> _Required action_:
No pictures should appear in the copy. Reproduce exactly the lines from the one containing "One is selfless, one" through the end of the material below.

::::

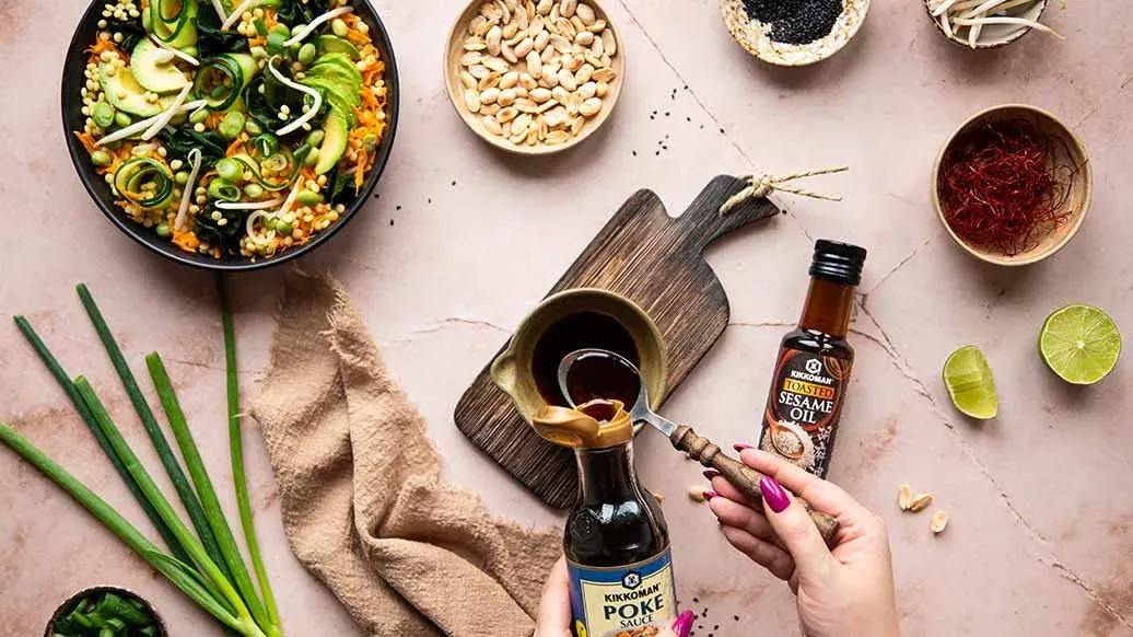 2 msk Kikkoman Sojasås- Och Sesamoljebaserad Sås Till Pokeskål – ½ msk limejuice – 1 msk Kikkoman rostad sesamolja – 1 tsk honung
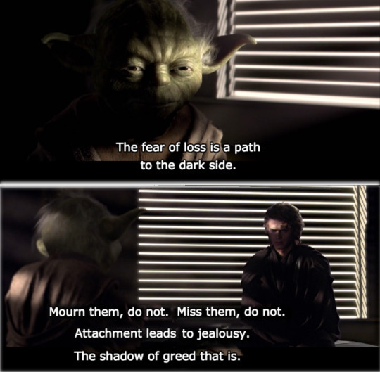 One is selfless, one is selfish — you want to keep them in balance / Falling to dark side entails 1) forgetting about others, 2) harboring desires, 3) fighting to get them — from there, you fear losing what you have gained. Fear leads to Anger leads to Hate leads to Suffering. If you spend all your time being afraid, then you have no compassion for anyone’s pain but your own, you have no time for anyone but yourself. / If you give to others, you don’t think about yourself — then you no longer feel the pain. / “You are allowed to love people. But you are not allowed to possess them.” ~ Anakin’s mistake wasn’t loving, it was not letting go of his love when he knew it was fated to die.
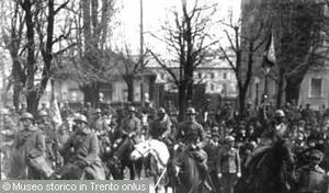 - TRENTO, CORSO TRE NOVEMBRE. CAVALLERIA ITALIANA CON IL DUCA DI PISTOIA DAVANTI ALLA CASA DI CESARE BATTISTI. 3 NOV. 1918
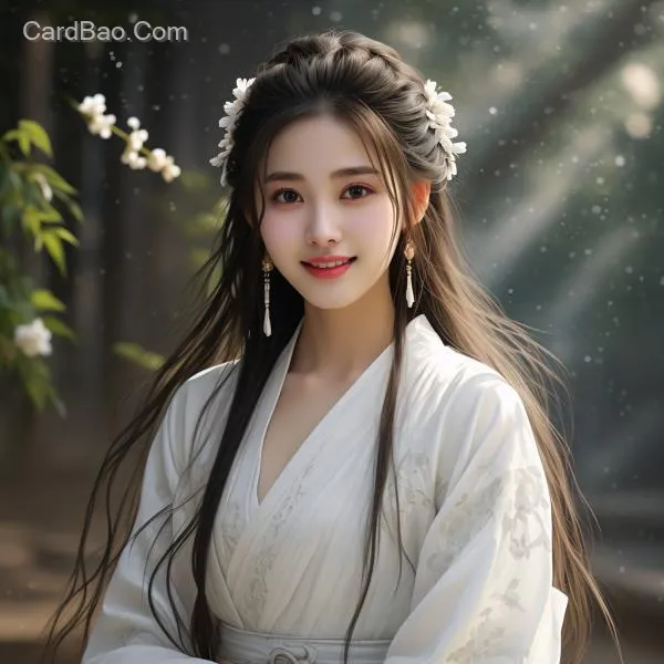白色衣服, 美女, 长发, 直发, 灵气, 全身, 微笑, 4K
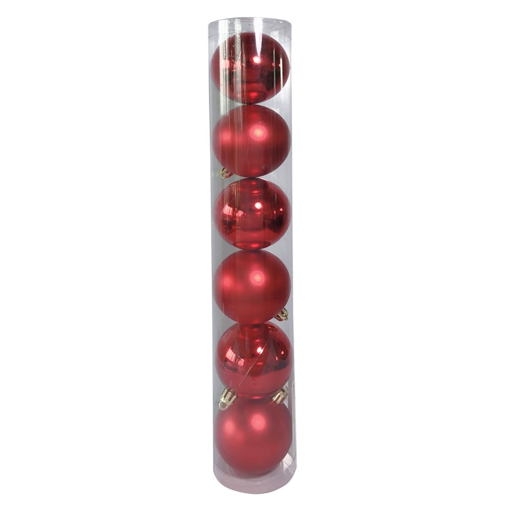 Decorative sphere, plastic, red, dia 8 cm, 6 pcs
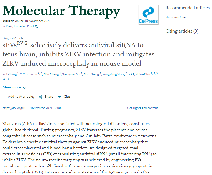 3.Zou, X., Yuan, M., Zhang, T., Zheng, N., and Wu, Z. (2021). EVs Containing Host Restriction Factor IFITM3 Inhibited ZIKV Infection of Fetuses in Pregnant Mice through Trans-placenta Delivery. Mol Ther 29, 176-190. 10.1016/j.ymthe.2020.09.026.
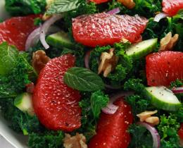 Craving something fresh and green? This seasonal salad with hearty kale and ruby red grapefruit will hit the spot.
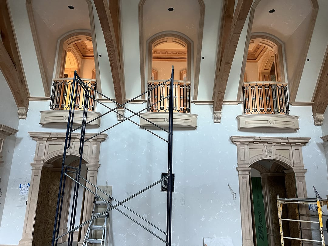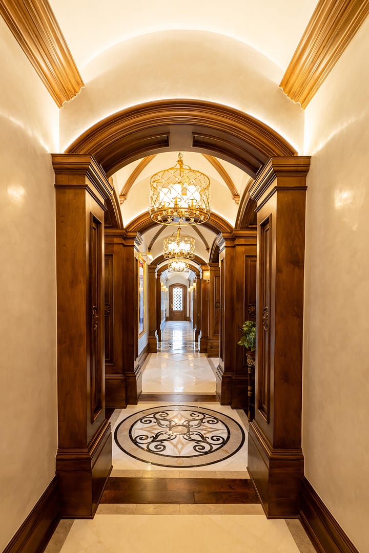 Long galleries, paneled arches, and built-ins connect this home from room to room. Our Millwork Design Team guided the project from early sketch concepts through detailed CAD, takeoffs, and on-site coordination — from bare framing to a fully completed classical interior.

::::

> _Response to this exercise_:
 One is selfless, one is selfish — you want to keep them in balance / Falling to dark side entails 1) forgetting about others, 2) harboring desires, 3) fighting to get them — from there, you fear losing what you have gained. Fear leads to Anger leads to Hate leads to Suffering. If you spend all your time being afraid, then you have no compassion for anyone’s pain but your own, you have no time for anyone but yourself. / If you give to others, you don’t think about yourself — then you no longer feel the pain. / “You are allowed to love people. But you are not allowed to possess them.” ~ Anakin’s mistake wasn’t loving, it was not letting go of his love when he knew it was fated to die.
 - TRENTO, CORSO TRE NOVEMBRE. CAVALLERIA ITALIANA CON IL DUCA DI PISTOIA DAVANTI ALLA CASA DI CESARE BATTISTI. 3 NOV. 1918
白色衣服, 美女, 长发, 直发, 灵气, 全身, 微笑, 4K
 Decorative sphere, plastic, red, dia 8 cm, 6 pcs
 3.Zou, X., Yuan, M., Zhang, T., Zheng, N., and Wu, Z. (2021). EVs Containing Host Restriction Factor IFITM3 Inhibited ZIKV Infection of Fetuses in Pregnant Mice through Trans-placenta Delivery. Mol Ther 29, 176-190. 10.1016/j.ymthe.2020.09.026.
 Craving something fresh and green? This seasonal salad with hearty kale and ruby red grapefruit will hit the spot.
 Long galleries, paneled arches, and built-ins connect this home from room to room. Our Millwork Design Team guided the project from early sketch concepts through detailed CAD, takeoffs, and on-site coordination — from bare framing to a fully completed classical interior.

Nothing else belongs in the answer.